Nese Cinar designed a movement assay to evaluate the behavioral effects in

the worms and evaluated the worms in the experiments in a " blinded " manner, not

knowing which ones had received the surgery.

" Without such functional assays, any anatomically observed regeneration

could be explained in various ways, such as bleaching and recovery of the marker

protein used to label the neurons, " she said.

The nanosurgery, performed by Yanik at Stanford on anesthetized juvenile

worms, could be completed in about 10 minutes per worm once the equipment was

set up. Although regeneration of peripheral nerves is nothing new, Chisholm said

he was still surprised by the rapid recovery of function in the worms. Most of

the severed axons regrew within 12 to 24 hours after the laser surgery.

Preliminary observations indicated that after an axon is cut, the nerve cell

sprouts a new axon from the severed end that regrows to reach the target muscle.

In some cases, however, it appears that the two severed ends reattach, Chisholm

said.

" Clearly there is a lot more biology going on here that we need to

explore. This just opens up a lot of exciting things to study, " he said.

C. elegans, an almost microscopic nematode or roundworm, has become an

extremely important system for biomedical research. Geneticists have identified

thousands of genes in the worm that have counterparts in humans. A relatively

simple organism with a short generation time, reproducing in just three days, it

is easy to study in the laboratory. It has many of the same basic physiological

and anatomical features, such as muscles and nerves, found in more complex

animals. And it is even transparent, making it easy to see things like nerves

inside its body. The researchers who pioneered the use of C. elegans for

biomedical research received the 2002 Nobel Prize for physiology and medicine.
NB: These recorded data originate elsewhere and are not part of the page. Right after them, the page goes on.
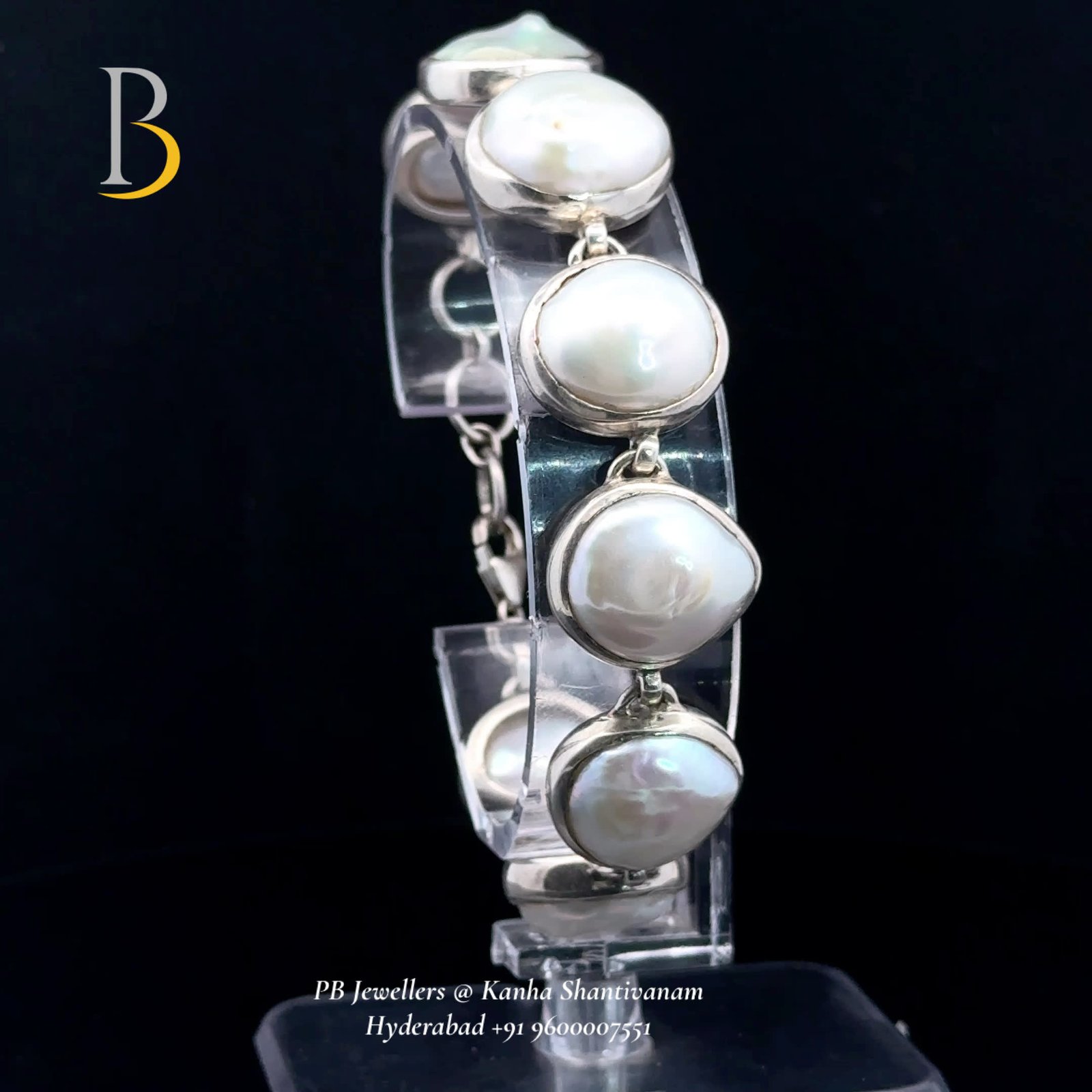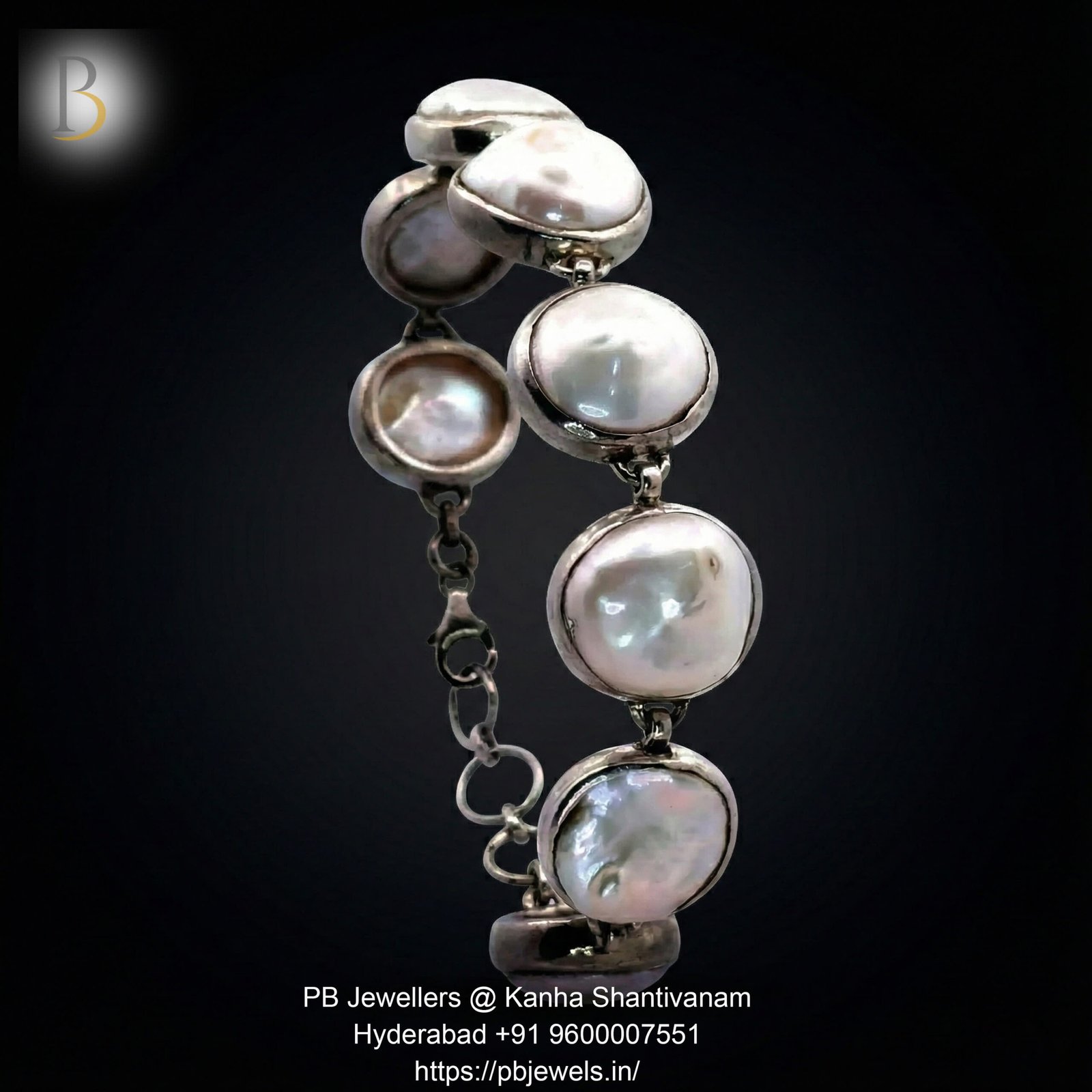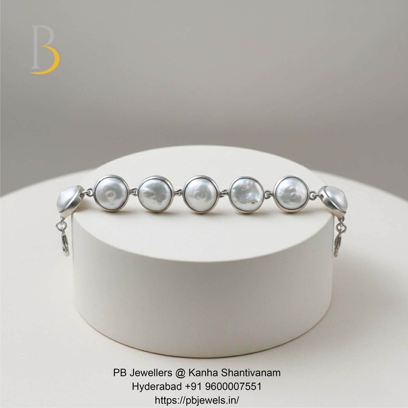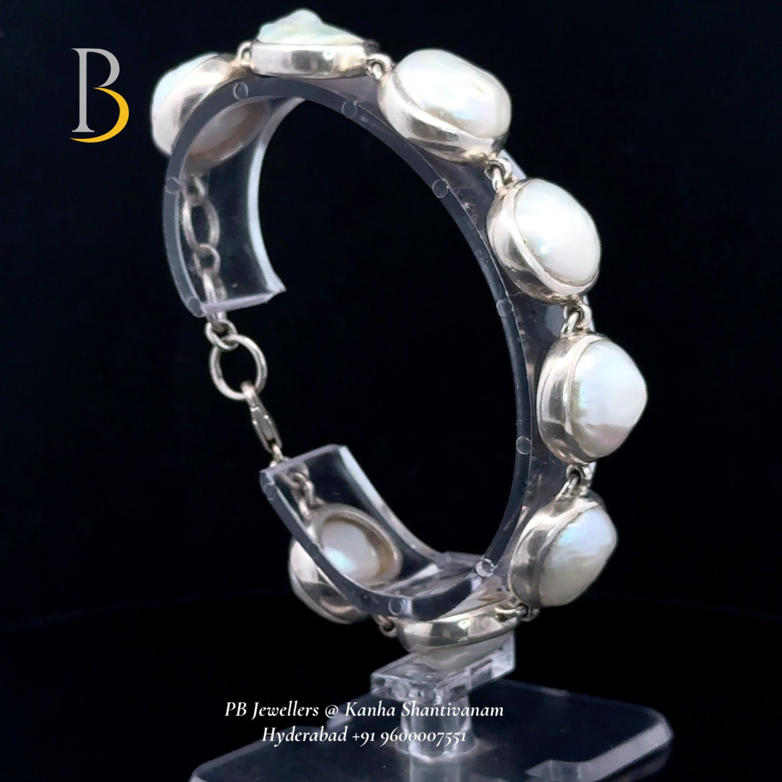 A classic 92.5 Silver Pearl Bracelet featuring natural lustrous pearls that radiate elegance and serenity. Perfect for daily wear or special occasions, adding timeless grace and soothing energy to your style.
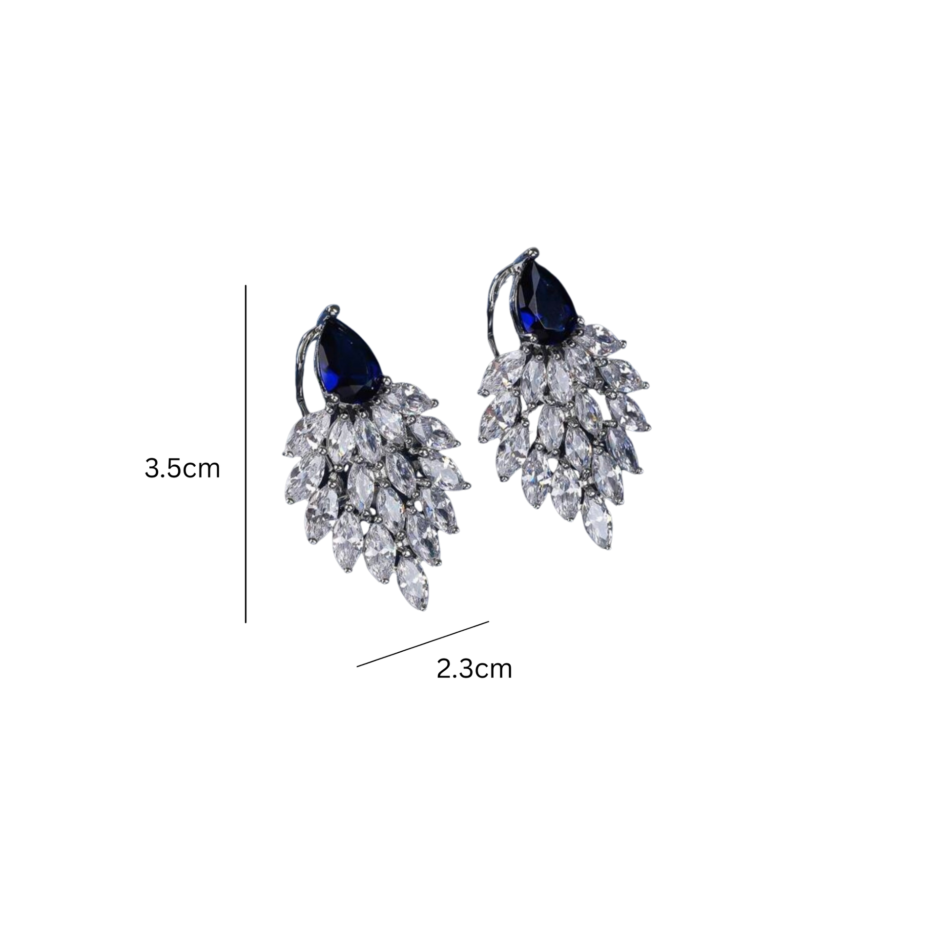 White gold plated drop earrings featuring a bold dark blue stone and delicate leaf-shaped cubic zirconia accents for a festive sparkle.
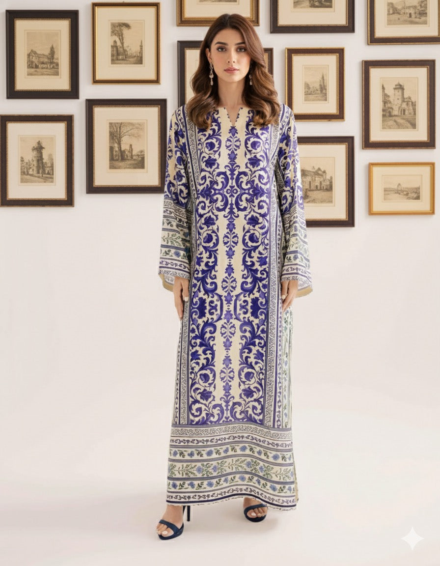 MIDNIGHT KAFTAN COMES IN GEORGETT MATERIAL WITH DIGITAL PRINTS DONE.LINING IS PROVIDED. SIZES M L XL...

Now this excellent model system for biomedical research is available for

studying nerve regeneration. One of the fundamental questions researchers want

to answer is why nerve damage in the central nervous system--the brain and

spinal cord--is usually permanent.

" In humans, peripheral nerves will regrow, but in the central nervous

system the regrowth of axons is inhibited by the local environment. That's why

spinal cord injuries are so serious. We want to find out why a severed axon will

regrow in some situations and not in others, " Chisholm said.